It is known that in crystalline-induced AKI, a rapid and diffuse crystallization contribute to kidney injury in several ways, including crystal-induced cytotoxicity triggers inflammation (Mulay and Anders, 2017). However, the mechanisms involved in these processes have not been elucidated. Considering the macrophage phenotypes, it is well described that pro-inflammatory M1 macrophage releases cytokines such as IL-1, IL-6, TNF-α, and MCP-1, which in turn promotes macrophage recruitment and activation during kidney injury (Kanda et al., 2006; Ricardo et al., 2008; Tesch, 2008; Dias et al., 2017). In addition to activating macrophages, IL-1β can also activate NFkappaB p65 (Shi and Berger, 2018). Activated NFkappaB p65 exacerbate the transcription of inflammatory mediators such IL-1β and MCP-1 (Anders, 2016). In contrast, M2 macrophages seems to be anti-inflammatory and profibrotic, secreting IL-10, fibronectin, TGF-β and other ECM proteins, triggering the accumulation of myofibroblasts that express smooth muscle α-actin (αSMA) (Tang et al., 2019). Consistent with these findings, our results revealed that crystalline-induced AKI resulted in an increased expression of interstitial CD68, a macrophages marker, MCP-1, IL-1β and NFkappaB mRNA, suggesting a relevant signal crosstalk between inflammatory response and cellular injury. In addition to inflammatory condition, we found profibrotic signal, highlighting the contribution of both macrophage subtypes in crystalline-induced AKI.
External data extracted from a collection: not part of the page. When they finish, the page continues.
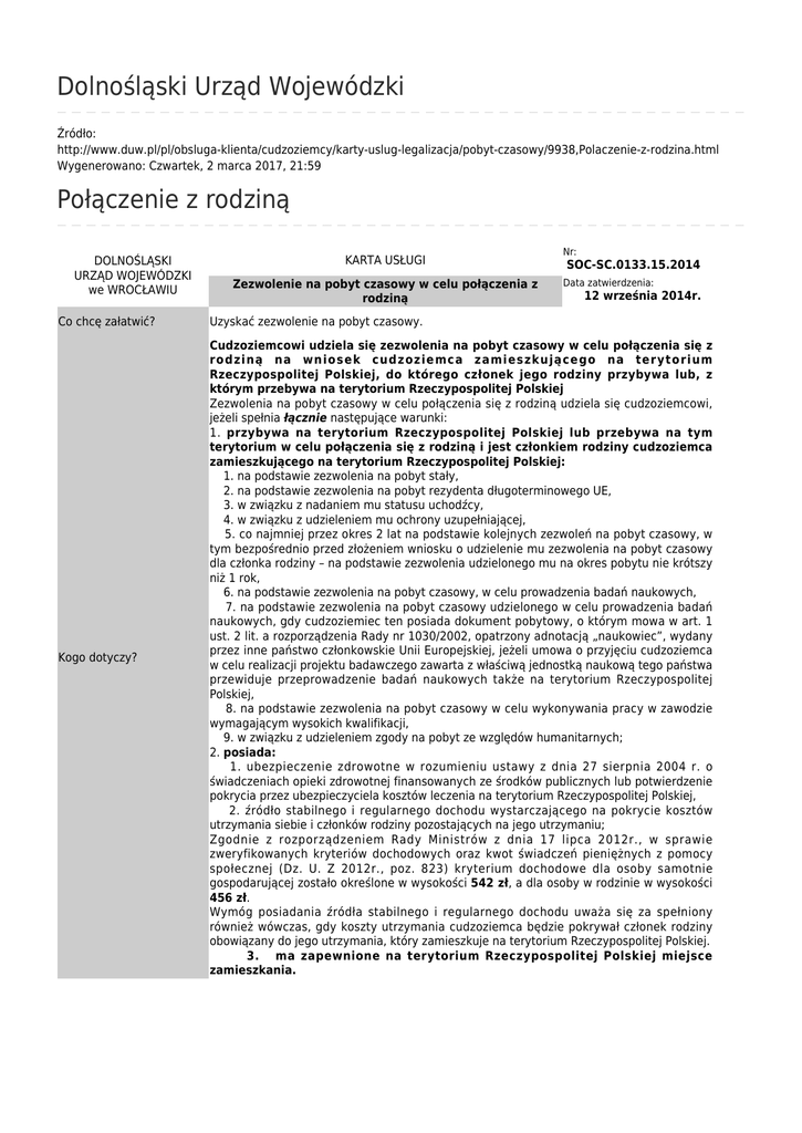 Dolnośląski Urząd Wojewódzki Źródło: http://www.duw.pl/pl/obsluga-klienta/cudzoziemcy/karty-uslug-legalizacja/pobyt-czasowy/9938,Polaczenie-z-rodzina.html Wygenerowano: Czwartek, 2 marca 2017, 21:59 Połączenie z rodziną DOLNOŚLĄSKI URZĄD WOJEWÓDZKI we WROCŁAWIU KARTA USŁUGI Zezwolenie na pobyt czasowy w celu połączenia z rodziną Nr: SOC-SC.0133.15.2014 Data zatwierdzenia: 12 września 2014r. Co chcę załatwić? Uzyskać zezwolenie na pobyt czasowy. Kogo dotyczy? Cudzoziemcowi udziela się zezwolenia na pobyt czasowy w celu połączenia się z rodziną na wniosek cudzoziemca zamieszkującego na terytorium Rzeczypospolitej Polskiej, do którego członek jego rodziny przybywa lub, z którym przebywa na terytorium Rzeczypospolitej Polskiej Zezwolenia na pobyt czasowy w celu połączenia się z rodziną udziela się cudzoziemcowi, jeżeli spełnia łącznie następujące warunki: 1. przybywa na terytorium Rzeczypospolitej Polskiej lub przebywa na tym terytorium w celu połączenia się z rodziną i jest członkiem rodziny cudzoziemca zamieszkującego na terytorium Rzeczypospolitej Polskiej: 1. na podstawie zezwolenia na pobyt stały, 2. na podstawie zezwolenia na pobyt rezydenta długoterminowego UE, 3. w związku z nadaniem mu statusu uchodźcy, 4. w związku z udzieleniem mu ochrony uzupełniającej, 5. co najmniej przez okres 2 lat na podstawie kolejnych zezwoleń na pobyt czasowy, w tym bezpośrednio przed złożeniem wniosku o udzielenie mu zezwolenia na pobyt czasowy dla członka rodziny – na podstawie zezwolenia udzielonego mu na okres pobytu nie krótszy niż 1 rok, 6. na podstawie zezwolenia na pobyt czasowy, w celu prowadzenia badań naukowych, 7. na podstawie zezwolenia na pobyt czasowy udzielonego w celu prowadzenia badań naukowych, gdy cudzoziemiec ten posiada dokument pobytowy, o którym mowa w art. 1 ust. 2 lit. a rozporządzenia Rady nr 1030/2002, opatrzony adnotacją „naukowiec”, wydany przez inne państwo członkowskie Unii Europejskiej, jeżeli umowa o przyjęciu cudzoziemca w celu realizacji projektu badawczego zawarta z właściwą jednostką naukową tego państwa przewiduje przeprowadzenie badań naukowych także na terytorium Rzeczypospolitej Polskiej, 8. na podstawie zezwolenia na pobyt czasowy w celu wykonywania pracy w zawodzie wymagającym wysokich kwalifikacji, 9. w związku z udzieleniem zgody na pobyt ze względów humanitarnych; 2. posiada: 1. ubezpieczenie zdrowotne w rozumieniu ustawy z dnia 27 sierpnia 2004 r. o świadczeniach opieki zdrowotnej finansowanych ze środków publicznych lub potwierdzenie pokrycia przez ubezpieczyciela kosztów leczenia na terytorium Rzeczypospolitej Polskiej, 2. źródło stabilnego i regularnego dochodu wystarczającego na pokrycie kosztów utrzymania siebie i członków rodziny pozostających na jego utrzymaniu; Zgodnie z rozporządzeniem Rady Ministrów z dnia 17 lipca 2012r., w sprawie zweryfikowanych kryteriów dochodowych oraz kwot świadczeń pieniężnych z pomocy społecznej (Dz. U. Z 2012r., poz. 823) kryterium dochodowe dla osoby samotnie gospodarującej zostało określone w wysokości 542 zł, a dla osoby w rodzinie w wysokości 456 zł. Wymóg posiadania źródła stabilnego i regularnego dochodu uważa się za spełniony również wówczas, gdy koszty utrzymania cudzoziemca będzie pokrywał członek rodziny obowiązany do jego utrzymania, który zamieszkuje na terytorium Rzeczypospolitej Polskiej. 3. ma zapewnione na terytorium Rzeczypospolitej Polskiej miejsce zamieszkania. Niezbędne dokumenty: 1. 3 egzemplarze wypełnionego zgodnie z pouczeniem wniosku o udzielenie zezwolenia na pobyt czasowy Co przygotować? Jakie dokumenty muszę wypełnić? Jak wypełnić dokumenty? Ile muszę zapłacić? Kiedy złożyć dokumenty? 2. Cztery fotografie spełniające następujące wymagania: • nieuszkodzone, kolorowe, o dobrej ostrości; • wymiary 35 mm x 45 mm; • wykonane nie wcześniej niż w ciągu 6 miesięcy przed dniem złożenia wniosku; • przedstawiające wizerunek twarzy cudzoziemca od wierzchołka głowy do górnej części barków, tak aby twarz zajmowała 70-80% fotografii, na jednolitym jasnym tle, w pozycji frontalnej, patrzącego na wprost z otwartymi oczami, nieprzesłoniętymi włosami, z naturalnym wyrazem twarzy i zamkniętymi ustami, a także odwzorowują naturalny kolor jego skóry; • przedstawiające wyraźnie oczy cudzoziemca, a zwłaszcza źrenice, linia oczu cudzoziemca jest równoległa do górnej krawędzi fotografii Uwaga: Cudzoziemiec noszący nakrycie głowy zgodnie z zasadami swojego wyznania może dołączyć do wniosku fotografię przedstawiającą go w nakryciu głowy, o ile wizerunek twarzy jest w pełni widoczny. W takim przypadku do wniosku dołącza się oświadczenie cudzoziemca o przynależności do wspólnoty wyznaniowej. 3. Kserokopia ważnego dokumentu podróży (oryginał do wglądu), w szczególnie uzasadnionym przypadku, gdy cudzoziemiec nie posiada ważnego dokumentu podróży i nie ma możliwości jego uzyskania, może przedstawić inny dokument potwierdzający tożsamość. Uwaga: Brak któregokolwiek z ww. dokumentów spowoduje wezwanie cudzoziemca do jego uzupełnienia w terminie 7 dni od doręczenia wezwania pod rygorem pozostawienia wniosku bez rozpoznania. Typowe dokumenty potwierdzające okoliczności wskazane we wniosku: 1. dokumenty potwierdzające stopień pokrewieństwa uznawane przez prawo Rzeczypospolitej Polskiej (akty stanu cywilnego: akt małżeństwa, akt urodzenia), 2. dokumenty potwierdzające posiadanie przez cudzoziemca, z którym zamierza przebywać na terytorium RP, wymaganego prawem zezwolenia na pobyt, 3. dokumenty potwierdzające posiadanie stabilnego i regularnego źródła dochodu wystarczającego na pokrycie kosztów utrzymania siebie i członków rodziny pozostających na jego utrzymaniu ( np. umowa o pracę, zeznania PIT o wysokości osiągniętego dochodu cudzoziemca za ostatni rok podatkowy lub stosowne zaśw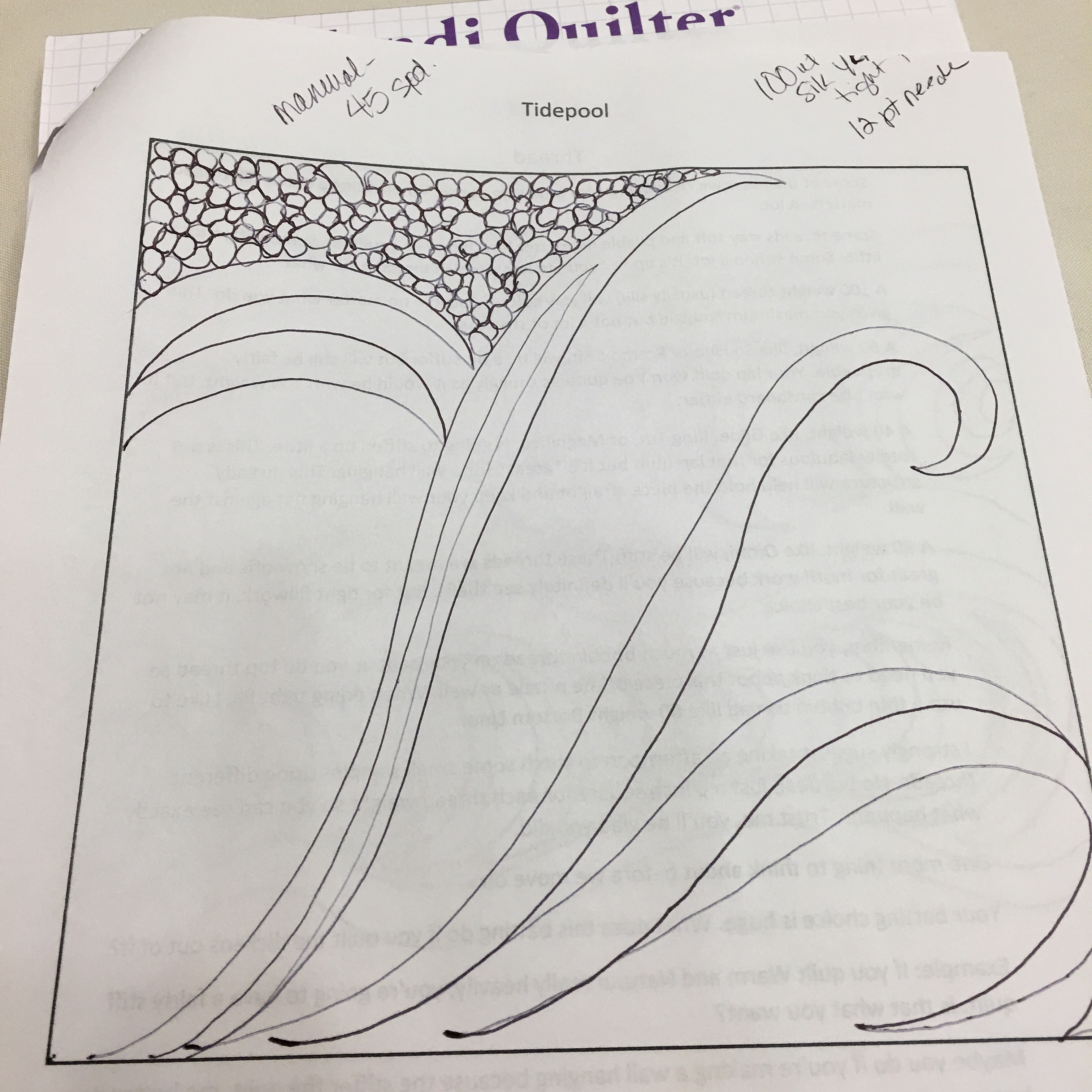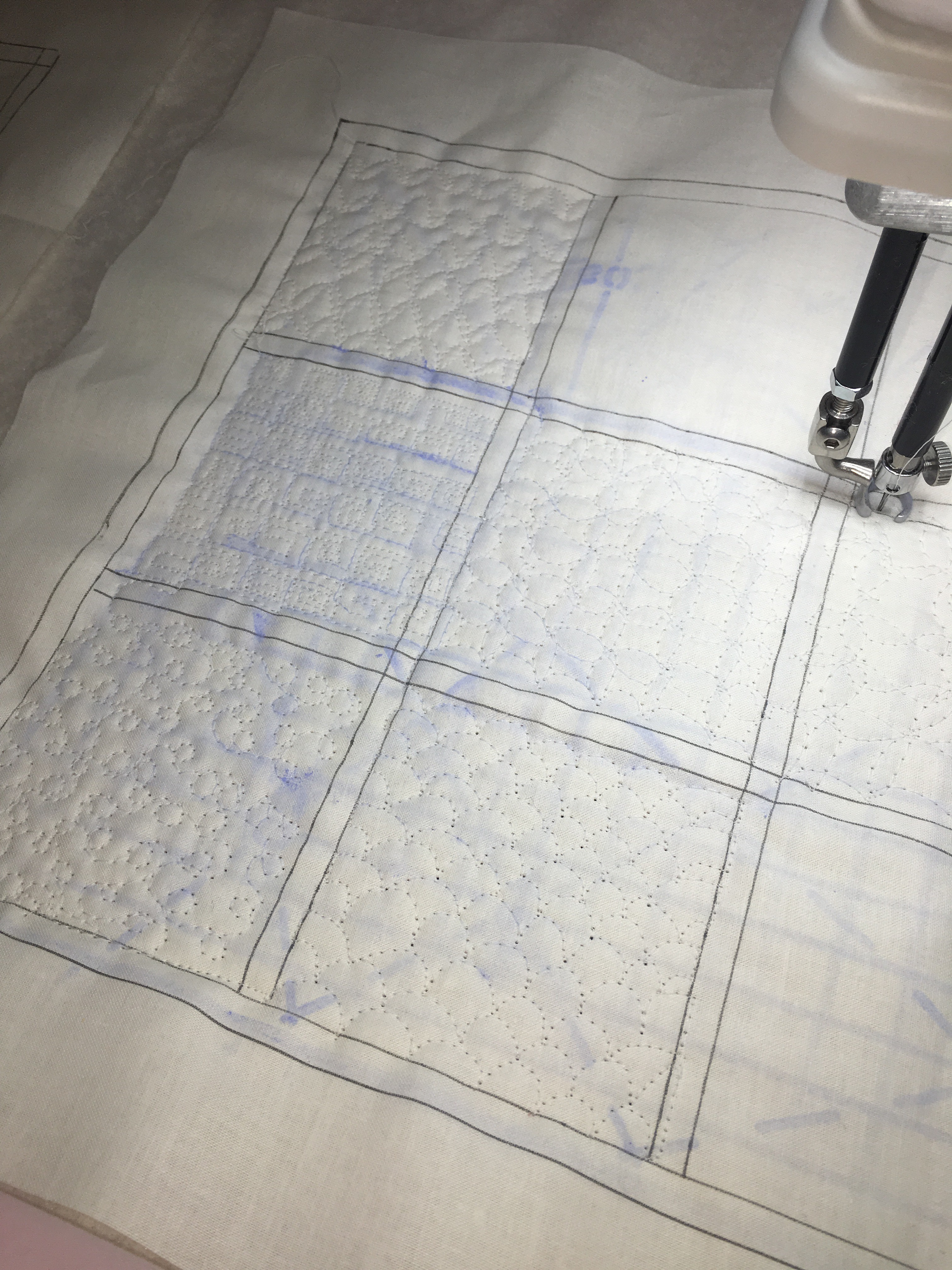 After drawing for a bit, we practiced on the machines. I learned about grid templates and pounce chalk to mark the quilt for quilting so you could create these intricate, but simple designs. Who knew? Clearly I need some practice. Oh, I also learned you can sit when microquilting. Bonus!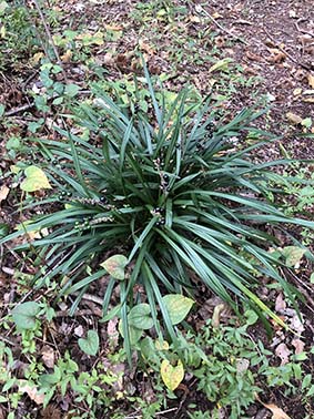 ジャノヒゲ。「春日井の自然と人々のくらし」脇田雅彦、脇田節子著)には子供の遊びにカモジグサの代わりに使うとある。写真はコクリュウと呼ばれる園芸種。

Future Perspective and Directions for Research

It is now becoming clear that in crystalline-induced AKI, inflammatory factors contribute to renal pathology, including a possible crosstalk between tubulointerstitial compartment and the glomerulus. However, considering the acute condition of the current study, we cannot confirm all biological events related to glomerular injury. On the other hand, our data are relevant and open perspectives for understanding of the crystalline-induced CKD. A deeper knowledge about the temporal events in the kidney will certainly provide a better understanding of crystalline nephropathies.

Conclusion

Renal pathology is the result of different cellular programming pathways, whose responses involve risks that depend on the host defense and tissue repair upon injuries. Taken together, our results suggest that acute crystalline nephropathy induces glomerular injury with a loss of podocyte viability in addition to strong tubulointerstitial injury. Thus, we believe that our findings will contribute to understanding of crystal biology and help to improve patient outcomes by defining novel cellular and molecular targets to limit nephron loss and to maintain renal function.

Data Availability Statement

The raw data supporting the conclusions of this article will be made available by the authors, without undue reservation, to any qualified researcher.

Ethics Statement

The animal study was reviewed and approved by Institutional Animal Care and Use Committee of the University of São Paulo (Protocol no. 9276140518).

Author Contributions

LA designed and performed all the experiments, analyzed the data, helped to writing, and reviewed the manuscript. JC-P helped with animals treatment, metabolic parameters analysis, immunoblotting, immunohistochemistry, immunofluorescence, and mRNA expression experiments. MP helped with animal treatments, kidney function analysis, and gene and protein expression experiments. MO-S supported and supervised the study and contributed with the writing of the manuscript. All authors approved the final manuscript.

Funding

This work was supported by the Fundação de Amparo a Pesquisa do Estado de São Paulo (FAPESP) to MO-S (17/02020-0), by the Conselho Nacional de Desenvolvimento Científico e Tecnológico (CNPq) and Fundação de Amparo a Pesquisa do Estado de São Paulo (FAPESP) to LA (CNPq, 145098/2018-4 and FAPESP, 2019/06358-0), and Fundação de Amparo a Pesquisa do Estado de São Paulo (FAPESP) to MP (2016/12354-0).

Conflict of Interest

The authors declare that the research was conducted in the absence of any commercial or financial relationships that could be construed as a potential conflict of interest.

Acknowledgments

The authors thank Karina Thieme for helping with the writing review, Adilson da Silva Alves for assistance with the Confocal Microscope, and William Tadeu Lara Festucia for allowing the use of the Nanodrop instrument.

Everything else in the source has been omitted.